A company who takes the job to remove mine riches would be paid for the work it does. After the company removes the gold, and gets its money for the work it has done, then who would own the gold?
That's a good question. I guess the gold would be owned by whoever buys it. We've had a lot of copper mining in my state, although any gold they mine becomes part of the company's resources. There was a pretty nasty miners' strike back in the 1980s. The companies owned the mines (and in some cases, even the entire towns where the mines are located), but things hit a downturn when the price of copper decreased. The companies started tightening up.
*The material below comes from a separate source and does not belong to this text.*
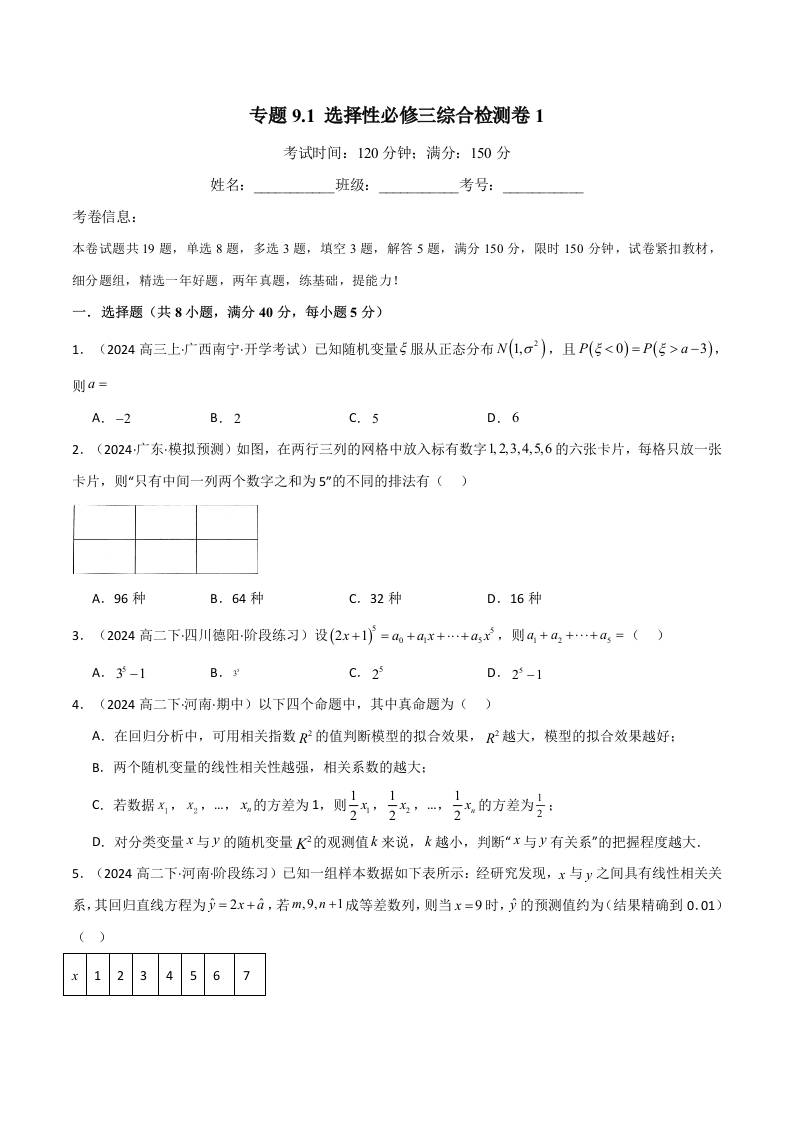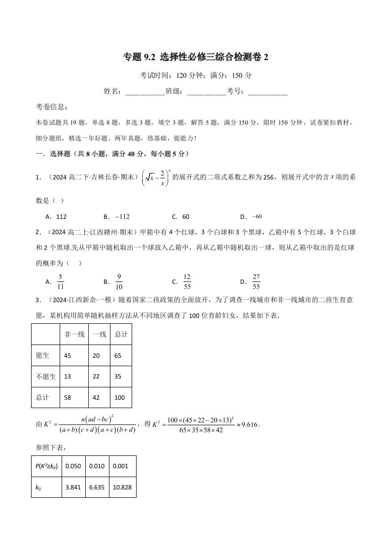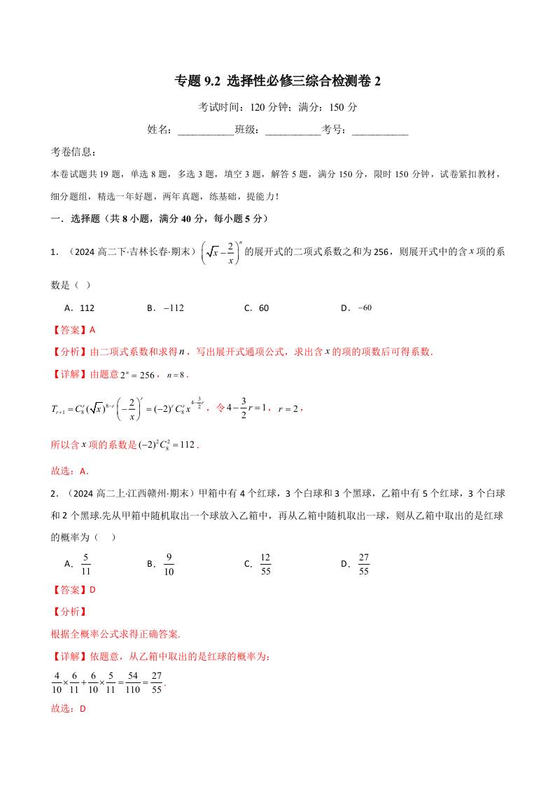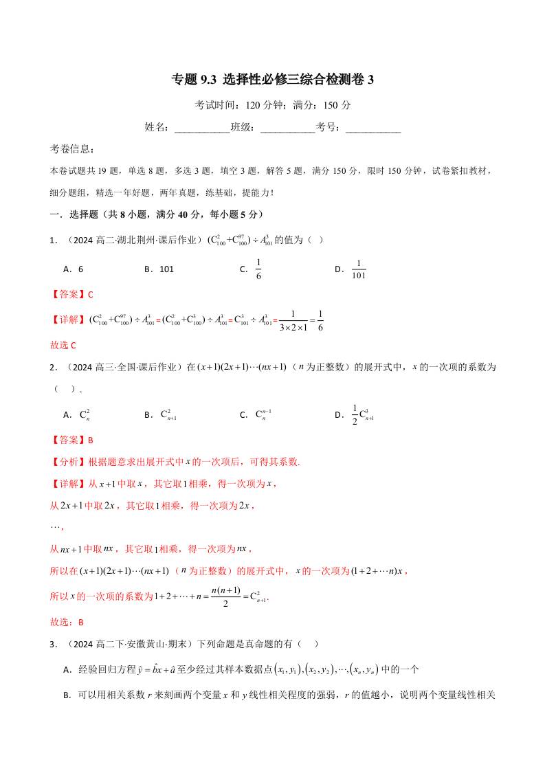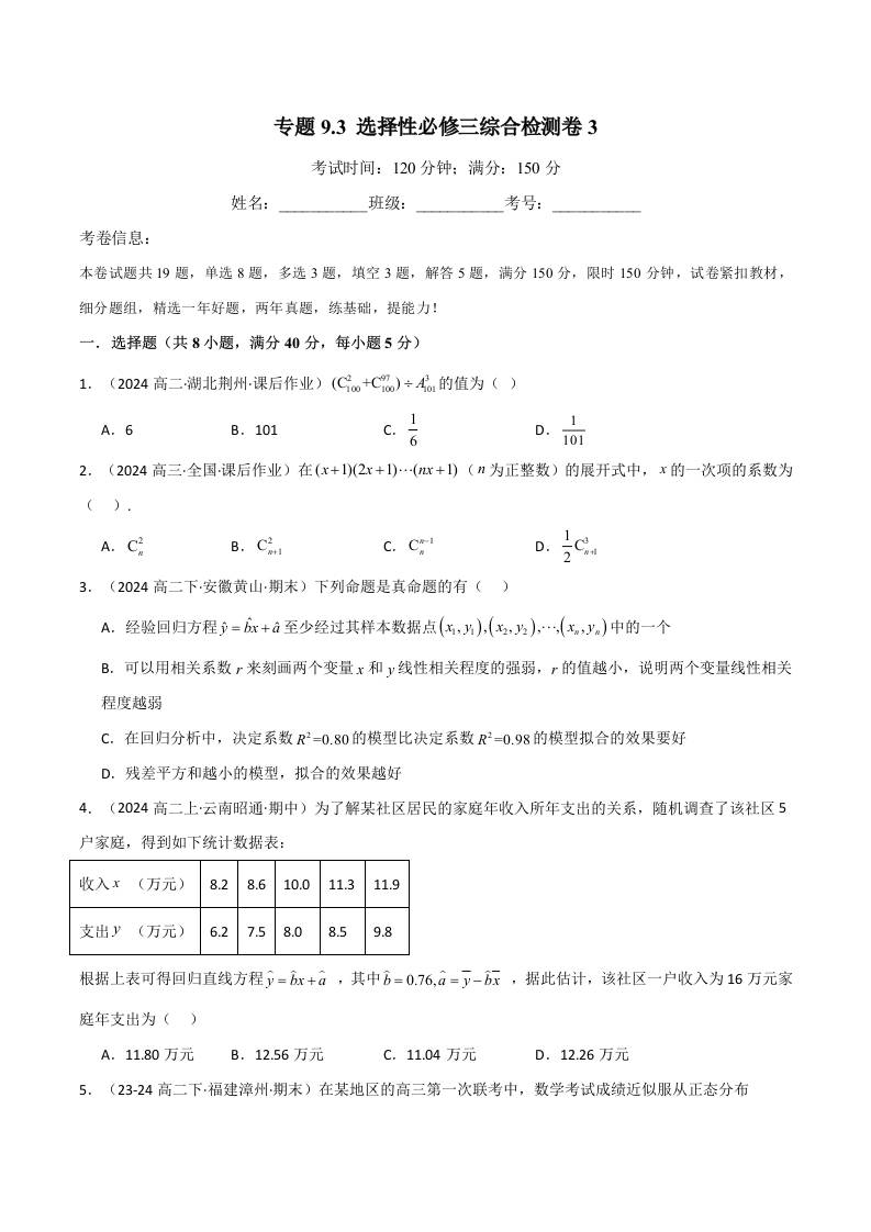 专题9.1 选择性必修第三册综合检测卷1(人教A版)(学生版)

I knew this one family where their father had worked in the mines for many years, was getting close to retirement, and they fired him, but told him he could reapply as a new employee, while losing all his years of seniority and retirement benefits. The companies did pretty crappy things to their workers, who were the ones doing the actual work of mining and extracting the copper from the ground.
So, who gets the resources? The workers who actually do the work, or the mine owners who do no work, yet simply hold a piece of paper that says "we own the mines"? That's where it gets a bit dicey in some people's interpretations of "freedom" and "fairness."
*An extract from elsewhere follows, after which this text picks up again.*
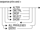 SQL> CREATE SEQUENCE EMPID; SQL> SHOW PROTECTION ON SEQUENCE EMPID Protection on Sequence EMPID (IDENTIFIER=[RDB,STUART],ACCESS=SELECT+SHOW+ALTER+DROP+DBCTRL) (IDENTIFIER=[*,*],ACCESS=NONE) SQL> GRANT SELECT ON SEQUENCE EMPID TO PUBLIC; SQL> SHOW PROTECTION ON SEQUENCE EMPID; Protection on Sequence EMPID (IDENTIFIER=[RDB,STUART],ACCESS=SELECT+SHOW+ALTER+DROP+DBCTRL) (IDENTIFIER=[*,*],ACCESS=SELECT) SQL> REVOKE DROP ON SEQUENCE EMPID FROM STUART; SQL> SHOW PROTECTION ON SEQUENCE EMPID; Protection on Sequence EMPID (IDENTIFIER=[RDB,STUART],ACCESS=SELECT+SHOW+ALTER+DBCTRL) (IDENTIFIER=[*,*],ACCESS=SELECT)

Family is important, but, a family who lives in a poor country, would not have enough money for proper education of their children, and even there may not be good schools in a poor country.
Even poor countries still have a few rich families. It might still be better to be born into a rich family in a developing country than to be born into a poor family in a first world (aka "rich") country.
I agree it's still worse to be poor in a poor country than it is to be poor in a rich country, but the way that you put it, it was like you were saying that some people are just "lucky" to be born into a rich country. I don't know if that really tells the whole story about how the world got to the point that we're at now - at least in terms of resources, rich countries, poor countries, and how such a disparity came about in the first place.